§ **DATA**

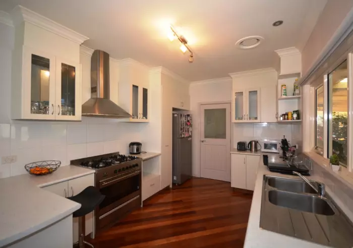Totally modernised with a light, fresh feeling throughout the floorplan boasts a very spacious lounge room with both a winter warming gas log fire and split system air conditioner. The kitchen has an oversized gas stove, plenty of cupboard and bench space, family meals area and polished hardwood floors.
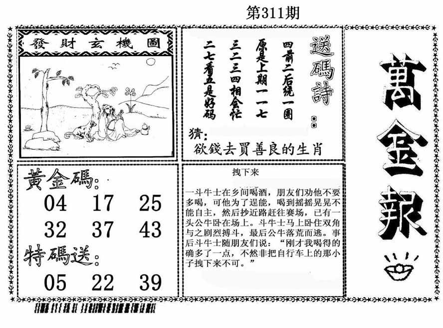 | 311期:精准五不中【25 43 37 14 32】?00 |
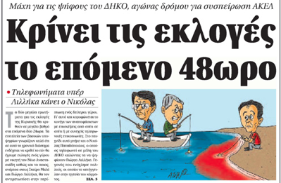Ο «Πολίτης» στο κύριο του θέμα με τίτλο «Κρίνει τις εκλογές το επόμενο 48ωρο» αναφέρει πως γίνεται μάχη για τις ψήφους του ΔΗΚΟ και αγώνας δρόμου για συσπείρωση του ΑΚΕΛ και πως ο Νικόλας Παπαδόπουλος τηλεφωνεί σε μέλη του ΔΗΚΟ καλώντας τα να ψηφίσουν Γιώργο Λιλλήκα. Σε άλλο θέμα σημειώνει η ιταλική ENI έχει ενημερώσει την κυπριακή πλευρά ότι σήμερα θα γίνει έμβασμα περίπου 150 εκατομμυρίων ευρώ στο κρατικό ταμείο, ποσό που αντιστοιχεί στο «μπόνους υπογραφής» για τα τεμάχια 2,3 και 9 της ΑΟΖ. Αλλού σημειώνει πως ούτε μπορούμε, ούτε μας συμφέρει να προπωλήσουμε το φυσικό αέριο της «Αφροδίτης» αφού στην καλύτερη περίπτωση θα παίρναμε κοντά στα δυο δισεκατομμύρια, ποσό που αντιστοιχεί περίπου στο 2% της πραγματικής αξίας του θησαυρού που κρύβει η γεώτρηση.
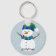 Snowman Design Porte - clé, avec un mignon bonhomme de neige sur un arrière - plan neigeux bleu et texte personnalisable.
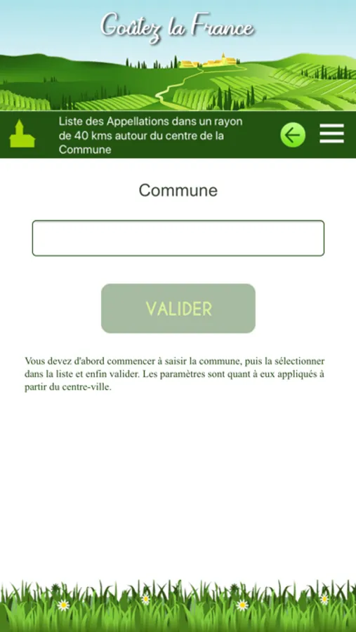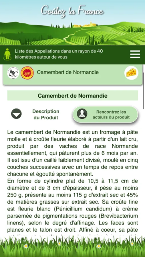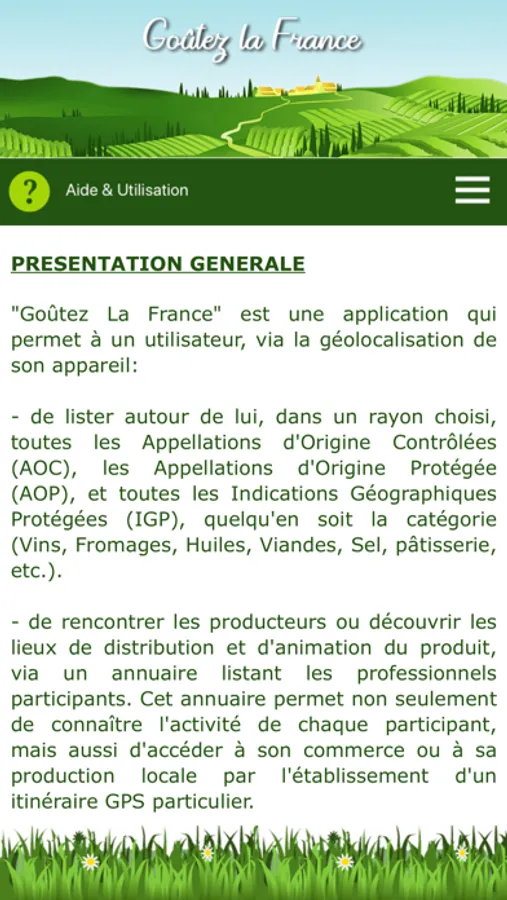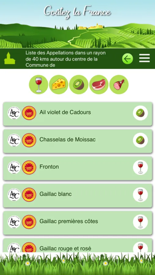 - de lister autour de lui, dans un rayon choisi, toutes les Appellations d'Origine Contrôlées (AOC), les Appellations d'Origine Protégée (AOP), et toutes les Indications Géographiques Protégées (IGP), quelqu'en soit la catégorie (Vins, Fromages, Huiles, Viandes, Sel, pâtisserie, etc.).
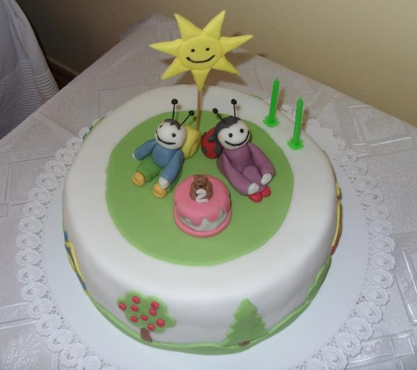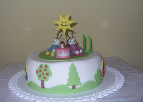 Bambuľko a Bulienka pre dcérku k dvom rôčkom.... 🙂 dcérke sa moc páčila, aj chutila, ale ja som z nej bola úplne nešťastná, lebo sa mi v strede strašne preliačila ☹ keď som ju začala krájať, som zistila, že prečo...trošku som to prehnala s krémom a ovocím....normálne bolo treba hľadať korpus v tom množstve krému a ovocia 😖

§ **EXERCISE GOAL**
Please output the material above unchanged, apart from removing the pictures.

§ **COMPLETED TASK**
Totally modernised with a light, fresh feeling throughout the floorplan boasts a very spacious lounge room with both a winter warming gas log fire and split system air conditioner. The kitchen has an oversized gas stove, plenty of cupboard and bench space, family meals area and polished hardwood floors.
 | 311期:精准五不中【25 43 37 14 32】?00 |
Ο «Πολίτης» στο κύριο του θέμα με τίτλο «Κρίνει τις εκλογές το επόμενο 48ωρο» αναφέρει πως γίνεται μάχη για τις ψήφους του ΔΗΚΟ και αγώνας δρόμου για συσπείρωση του ΑΚΕΛ και πως ο Νικόλας Παπαδόπουλος τηλεφωνεί σε μέλη του ΔΗΚΟ καλώντας τα να ψηφίσουν Γιώργο Λιλλήκα. Σε άλλο θέμα σημειώνει η ιταλική ENI έχει ενημερώσει την κυπριακή πλευρά ότι σήμερα θα γίνει έμβασμα περίπου 150 εκατομμυρίων ευρώ στο κρατικό ταμείο, ποσό που αντιστοιχεί στο «μπόνους υπογραφής» για τα τεμάχια 2,3 και 9 της ΑΟΖ. Αλλού σημειώνει πως ούτε μπορούμε, ούτε μας συμφέρει να προπωλήσουμε το φυσικό αέριο της «Αφροδίτης» αφού στην καλύτερη περίπτωση θα παίρναμε κοντά στα δυο δισεκατομμύρια, ποσό που αντιστοιχεί περίπου στο 2% της πραγματικής αξίας του θησαυρού που κρύβει η γεώτρηση.
 Snowman Design Porte - clé, avec un mignon bonhomme de neige sur un arrière - plan neigeux bleu et texte personnalisable.
 - de lister autour de lui, dans un rayon choisi, toutes les Appellations d'Origine Contrôlées (AOC), les Appellations d'Origine Protégée (AOP), et toutes les Indications Géographiques Protégées (IGP), quelqu'en soit la catégorie (Vins, Fromages, Huiles, Viandes, Sel, pâtisserie, etc.).
 Bambuľko a Bulienka pre dcérku k dvom rôčkom.... 🙂 dcérke sa moc páčila, aj chutila, ale ja som z nej bola úplne nešťastná, lebo sa mi v strede strašne preliačila ☹ keď som ju začala krájať, som zistila, že prečo...trošku som to prehnala s krémom a ovocím....normálne bolo treba hľadať korpus v tom množstve krému a ovocia 😖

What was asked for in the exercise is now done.